▸ EXERCISE INSTRUCTIONS
Only the lines from the start of the data below through the line that contains "Article : pantalon" are to be copied, exactly and without pictures.

Data entries:
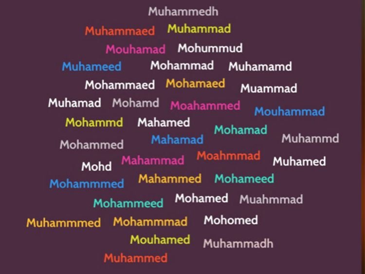 دبئی کے پرائیویٹ سکولوں میں پڑھنے والے بچوں میں سے 14947 کے ناموں میں محمد آتا ہے۔ تاہم یہ 37 مختلف طریقوں سے اپنے ناموں کی اسپلنگ کرتے ہیں۔ اس حوالے سے دبئی کے KHDA نے ایک ٹویٹ میں پوچھا کہ کیا آُ اندازہ لگا سکتے ہیں کہ ان میں ٹاپ 3 وہ کون سے اسپیلنگ ہیں جو محمد کے کیے جاتے ہیں ؟ پوچھے گئے سوال کا جواب اگلے دن دیا گیا اور بتایا گیا کہ ان میں سے تین جن کی تعداد زیادہ ہے ان میں 4153 کی اسپیلنگ Muhammed ، 3704 کے ناموں کی اپیلنگ Mohmmed , 3435 کے نام کی اسپیلنگ Mohammad ہے۔ اس کے بعد چوتھے نمبر پر Mohamed ہے جس کی تعداد 2142 ہے۔
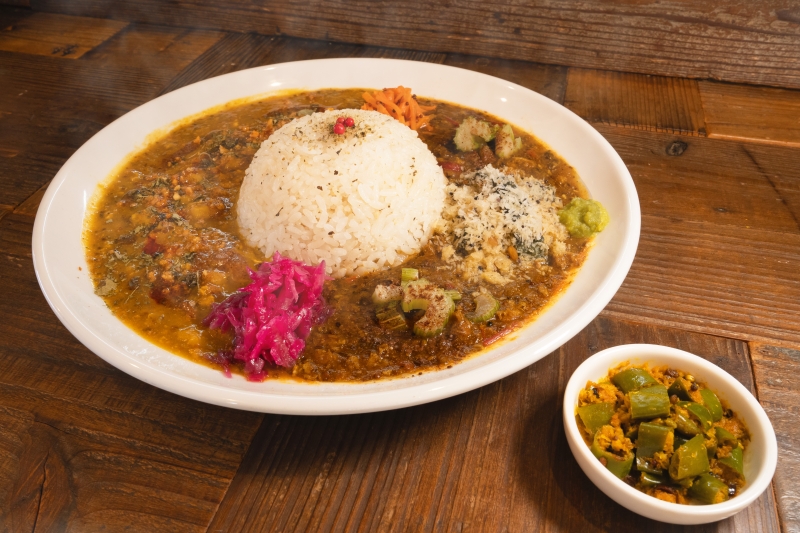 「廿日市ペッパー」トマトパプリカセロリと自家製タバスコのカレー/青唐辛子のトーレン
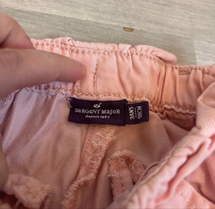 Article : pantalon léger avec ceinture Couleur : rose pale Motif : / Marque : Sergent Major Taille : 3 ans Prix : 3€ Envoi possible ou remise en main propre (44)
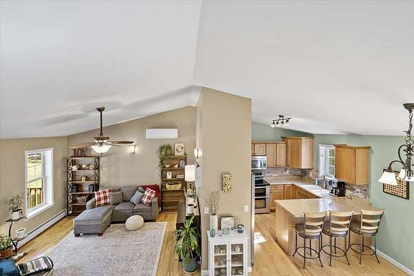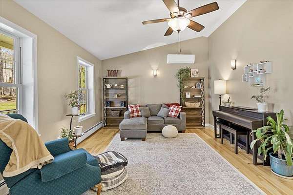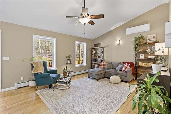 Escape to comfort, space, and privacy with this beautifully maintained 3-bedroom, 2-bath home set on 4.5 serene acres. Designed with an open floor plan and soaring cathedral ceilings, this home offers a bright, airy feel perfect for both everyday living and entertaining.The kitchen and dining area flow seamlessly together, featuring a convenient slider that opens to a spacious back deck—ideal for morning coffee or evening gatherings surrounded by nature. Stay comfortable year-round with a mini-split system for cooling, Nest thermostats for efficiency and ceiling fans in every bedroom. The spacious primary bedroom features a private en-suite bath and a generous walk-in closet, offering both comfort and convenience.The family room adds valuable living space, featuring a wood stove—ideal for cozy nights. A versatile den with a Murphy bed offers the perfect space for guests and even another room for a home office. Outdoors, enjoy your own private retreat with established wooded trails, a peaceful yard, and a welcoming campfire ring. For outdoor enthusiasts, the VAST trail runs just beyond the property boundary, offering direct access to adventure right from your backyard. And despite the tranquil country setting, the home features a paved driveway for added convenience. This full-time residence delivers the perfect blend of comfort, functionality, and natural beauty! Showings Start Tuesday April 21st. Open House Saturday 25th from 1-3pm.
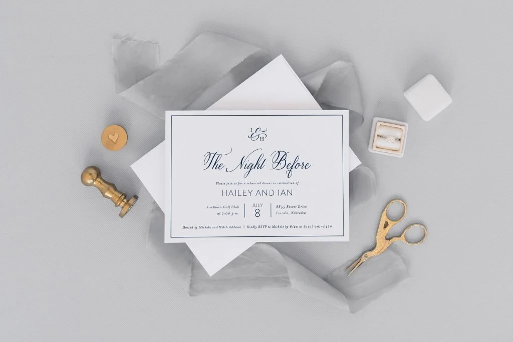 Maybe that question has popped into your head or has been presented to you from a family member. It's something that is probably not on your radar. I mean, you've found an amazing designer to do your wedding invitations (*cough cough*) but the rehearsal dinner hasn't crossed your mind. And do you do those? Is the groom's family in charge of those? Are they sent with the invitations?
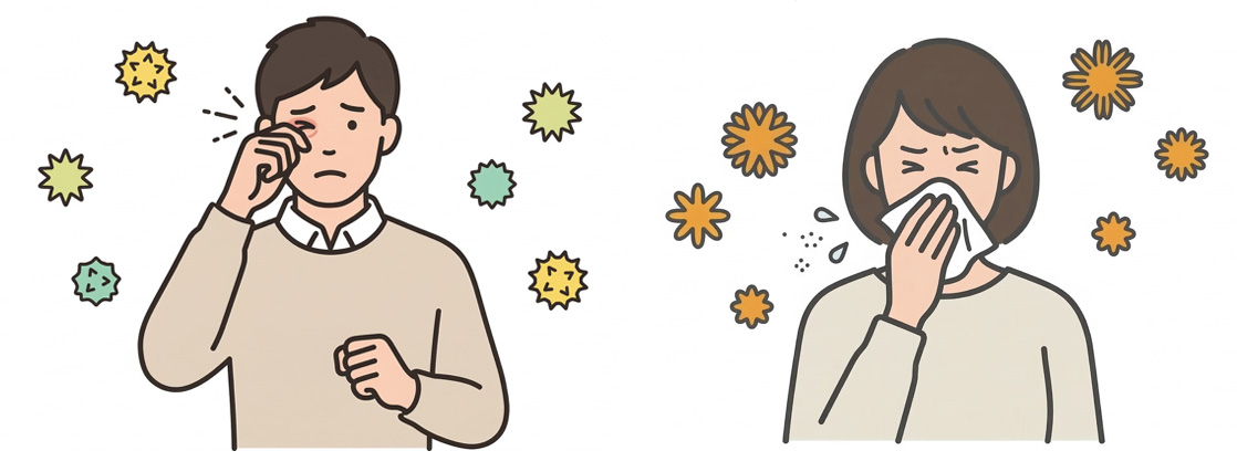 アレルギーを惹起する物質に反応して、くしゃみ、鼻水、鼻詰まり、目のかゆみといった症状を起こします。花粉に曝露されることによって引き起こされる花粉症は今では日本人の4割以上の方が罹患していると報告されています。多くはスギ花粉が原因で、特に2月から5月ごろにかけて鼻水、鼻づまり、目の痒み、咳、喉の違和感、皮膚の痒みといった様々な症状がみられます。
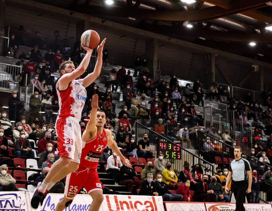 La prima tripla della partita, dopo cinque errori, è arrivata a 43 secondi dalla fine ed è quella che ha chiuso i conti. Il cuore del piovenese Alessandro Panni ha fatto ancora una volta la differenza, consegnando alla Top Secret Ferrara l’infuocato derby sul campo della Tramec Cento, col palasport tornato al cento per cento di capienza. Dalla città delle biciclette sono arrivati in duecento, con anche il patron Francesco D’Auria in mezzo alla frangia più calda del tifo biancazzurro.
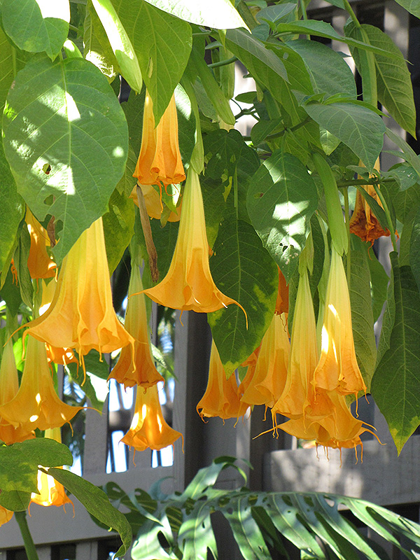 A heat loving variety that likes warm days and cool nights; large, dangling, buttery orange trumpets emerge in summer; flowers are fragrant only at night; perfect for containers, beds, and borders for a stunning presentation all season
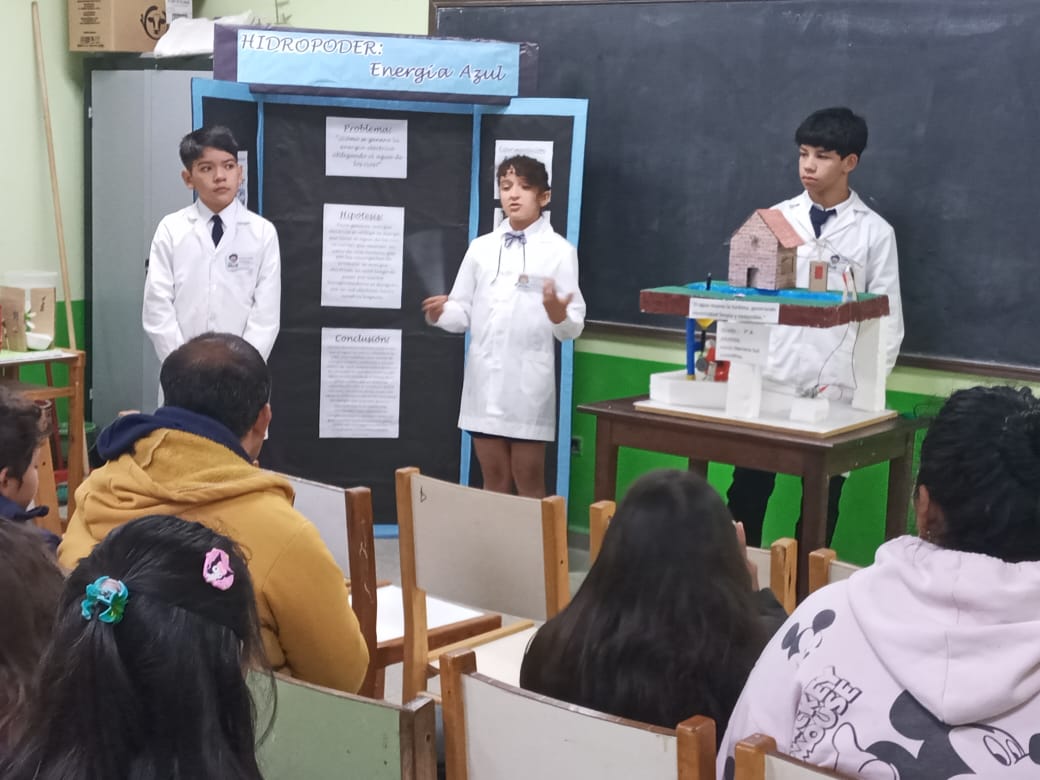 Este martes 17 de junio se llevó a cabo la Feria de Ciencias en la Escuela de Educación Primaria N° 255 «Felipe Boero» de Juan José Castelli. Con la participación activa de todos los cursos, los estudiantes presentaron proyectos que abarcaron temáticas diversas como alimentación saludable, energías limpias, reciclaje, autismo y agricultura urbana. Entre los trabajos destacados, alumnos de 7° grado expusieron un modelo funcional de energía hidráulica utilizando tapitas de gaseosa como aspas de turbina, logrando encender pequeños focos como demostración práctica.

▸ THE ANSWER
 دبئی کے پرائیویٹ سکولوں میں پڑھنے والے بچوں میں سے 14947 کے ناموں میں محمد آتا ہے۔ تاہم یہ 37 مختلف طریقوں سے اپنے ناموں کی اسپلنگ کرتے ہیں۔ اس حوالے سے دبئی کے KHDA نے ایک ٹویٹ میں پوچھا کہ کیا آُ اندازہ لگا سکتے ہیں کہ ان میں ٹاپ 3 وہ کون سے اسپیلنگ ہیں جو محمد کے کیے جاتے ہیں ؟ پوچھے گئے سوال کا جواب اگلے دن دیا گیا اور بتایا گیا کہ ان میں سے تین جن کی تعداد زیادہ ہے ان میں 4153 کی اسپیلنگ Muhammed ، 3704 کے ناموں کی اپیلنگ Mohmmed , 3435 کے نام کی اسپیلنگ Mohammad ہے۔ اس کے بعد چوتھے نمبر پر Mohamed ہے جس کی تعداد 2142 ہے۔
 「廿日市ペッパー」トマトパプリカセロリと自家製タバスコのカレー/青唐辛子のトーレン
 Article : pantalon léger avec ceinture Couleur : rose pale Motif : / Marque : Sergent Major Taille : 3 ans Prix : 3€ Envoi possible ou remise en main propre (44)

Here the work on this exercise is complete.